[Haskell-cafe] a bunch of newbie questions

Brian Hulley brianh at metamilk.com
Fri Aug 4 12:50:25 EDT 2006

Martin Percossi wrote:
> Bulat Ziganshin wrote:
>> this is called ad-hoc polymorphism which is not supported by Haskell.
>> instead Haskell supports parametric polymorphism via type classes.
> I think you are wrong here Bulat. In fact, I think
> a) Haskell supports parametric polymorphism, e.g.
> id  :: t -> t
> id x = x
> b) Haskell supports ad-hoc polymorphism via type classes

Sometimes a distinction is made between ad-hoc polymorphism of the kind 
you'd get in C++ with method overloading, and "restricted parametric 
polymorphism" as in "Monad m =>" ie:

1) id :: t -> t -- Unrestricted parametric polymorphism

2) foo :: Monad m => m a -- Restricted parametric polymorphism for (m) and 
unrestricted for (a)

3) bar :: Int -> Int -> String
    bar :: Char -> Bool

    The only way to describe this is ad-hoc polymorphism, and the fact that 
any function is of the form A -> B means regardless of the arity of the 
overloaded functions it can also be supported by typeclasses (*) eg:

        class Bar a b where
            bar :: a -> b

        instance Bar Int (Int -> String) where ...
        instance Bar Char Bool where ...

And a function or value in scope can be making use of unrestricted, 
restricted, and ad-hoc polymorphism at the same time eg:

        zap :: Monad m => Char -> m a
        zap :: Int -> String -> a String

        class Zap a b where
             zap :: a -> b

        instance Monad m => Zap Char (m a) where ...
        instance Zap Int (String -> a String) where ...

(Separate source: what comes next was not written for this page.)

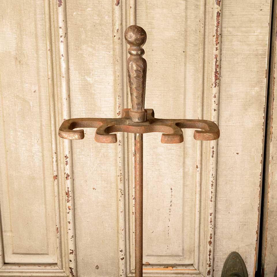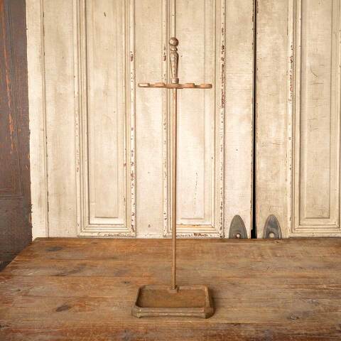 Antique fireplace tool holder stand measuring approx. 8 3/4" wide x 29" tall x 6 1/4" front to back. See photos to evaluate condition.
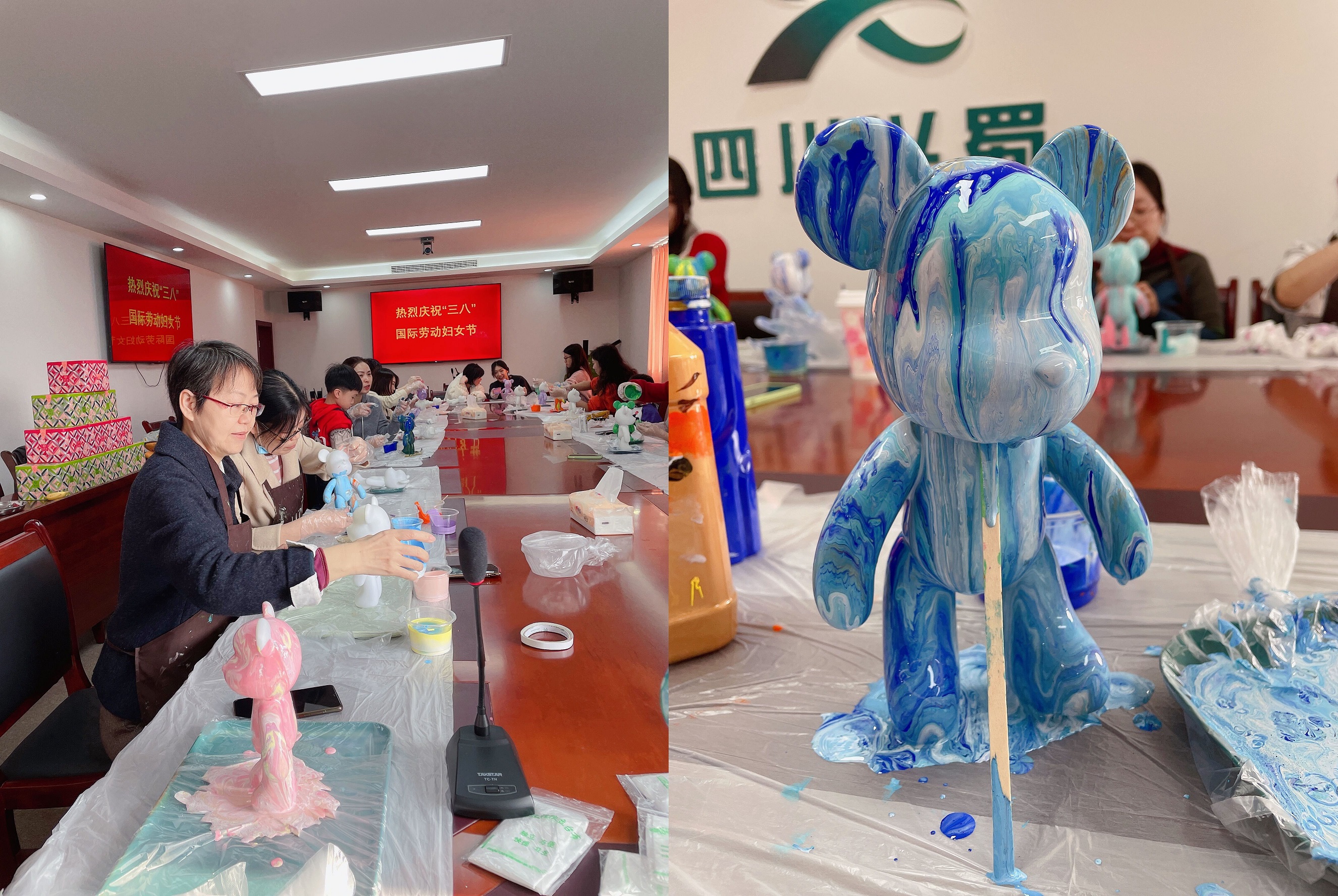 活動現(xiàn)場,老師一邊講解一邊進(jìn)行演示,讓大家詳細(xì)了解DIY手工的制作過程。隨后女職工們自行挑選喜歡的顏色開始制作,制作過程中大家互相幫助,有說有笑,活動氛圍十分融洽。最后,在大家的努力下,精美的流體小熊制作完成。

(*) But there's one exception: you can't use typeclasses to resolve 
overloadings between values and functions because non-function values don't 
have a type of the form A -> B:

        cool :: Int
        cool :: Char -> String

        class Cool -- Ooops! fundamental problem encountered ;-)

Regards, Brian.

Logic empowers us and Love gives us purpose.
Yet still phantoms restless for eras long past,
congealed in the present in unthought forms,
strive mightily unseen to destroy us.